Allison, who served nine years as director of evangelism and prayer for
the Department of Church Growth and Evangelism of the Evangelical
Covenant Church, continues to have passion about leading people to
Christ. He is a noted speaker and teacher on evangelism through his work
as a graduate school associate professor and director of the Billy
Graham Center at Wheaton College in Chicago's western suburbs. He's also
written a book about evangelist/theologian John Stott and he and Mark
Anderson recently co-authored Going Public With The Gospel
through InterVarsity Press.
A Californian for most of his childhood, Allison was converted to Christ
at age 17 and became an actor, performing on stage and in television
commercials. He then served as a youth pastor at Hillside Covenant
Church in Walnut Creek after graduating from Cal-State Hayward and
helped plant Hope Center Church in nearby Pleasant Hill in 1978. Hope
Center's informal worship style and extensive use of drama and the arts
was effective in reaching unchurched people. That experience - and the
many changed lives he's seen in the past two dozen years - keeps him
energized as he teaches others to help change lives through proclaiming
Jesus in various ways.
"It's still just as passionate as ever - it still drives me - and I
never get away from it," said
Allison, who attends DeerGrove Covenant Church in Palatine, Illinois,
with his wife, Marie, and family. "It's a combination of coming from a
non-churched home and finding faith through Young Life. And then there's
the flat-out spiritual gifts thing about it. I'm doing the same thing,
really. But I'm working in every kind of church imaginable.
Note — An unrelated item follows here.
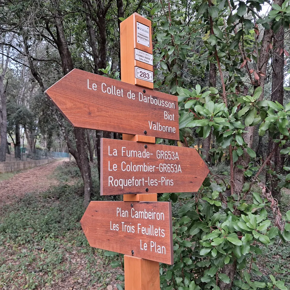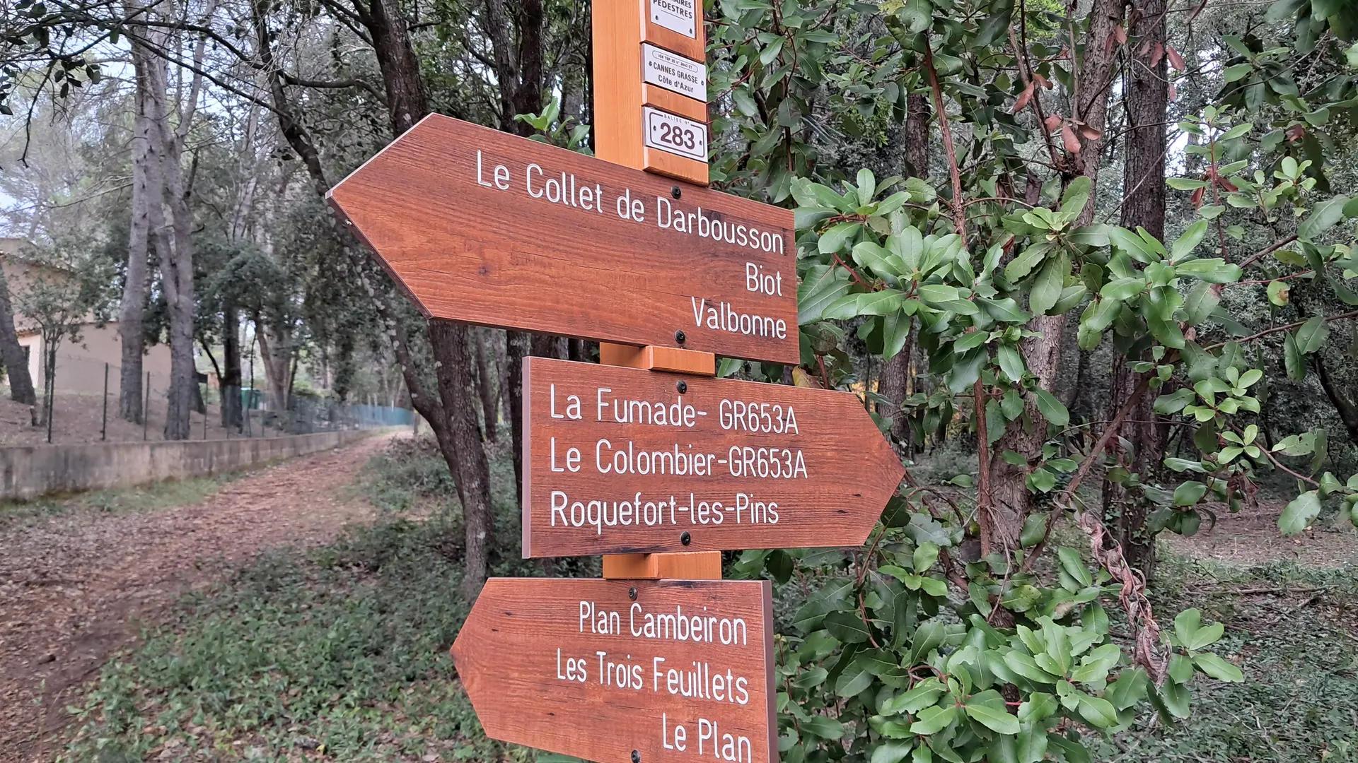 Cette boucle, sur le territoire de Roquefort-les-Pins via Valbonne, traverse des zones résidentielles, suit une section du GR653A et emprunte ensuite plusieurs pistes forestières.

"Mr. (Billy) Graham saw the Kingdom in a powerful way and I'm carrying
that in my DNA," Allison continued. "What's the difference between Lon
Allison of 1978 and 2004? I'm in love with the whole (larger Christian)
church. It's a missional deal. Jesus said, 'I pray that the world may be
one, that the world believe that you sent me.' And I refuse to be
separate from anyone who believes in the name of the risen Christ. My
early theology in the Covenant has given me that foundation. And I see
God getting bigger and bigger as I see Him expressed in every
denomination and people group."
Allison recently was part of a leadership group of seven different
nations teaching evangelism. The experience once more reminded him that
there are many different
ways of understanding Christ and expressing His love. He says the gospel
message is as powerful as ever, but that leaders need to be more
creative in telling the story and more willing to take risks to reach
people unlike them.
"We're in a global world and a multicultural reality," he said. "It used
to be that we were content to reach the world by sending missionaries.
But now we all have to learn what it means to be a missionary. My
biggest fear is that the local churches will go deeper and deeper in
their own entrenchment.
"I guess the bottom line is that I fear that we've lost confidence in
the message of the gospel," he continued. "Statistically, we know that
there are only a small percentage (about five percent) that are active
in evangelism. We're getting worse, not better, and we're afraid of the
new multicultural realities in America. I don't think we're sure we can
reach them and I think we're not sure we want to. I know it's hard for
me. I have to
work on it every day. I have to be intentional."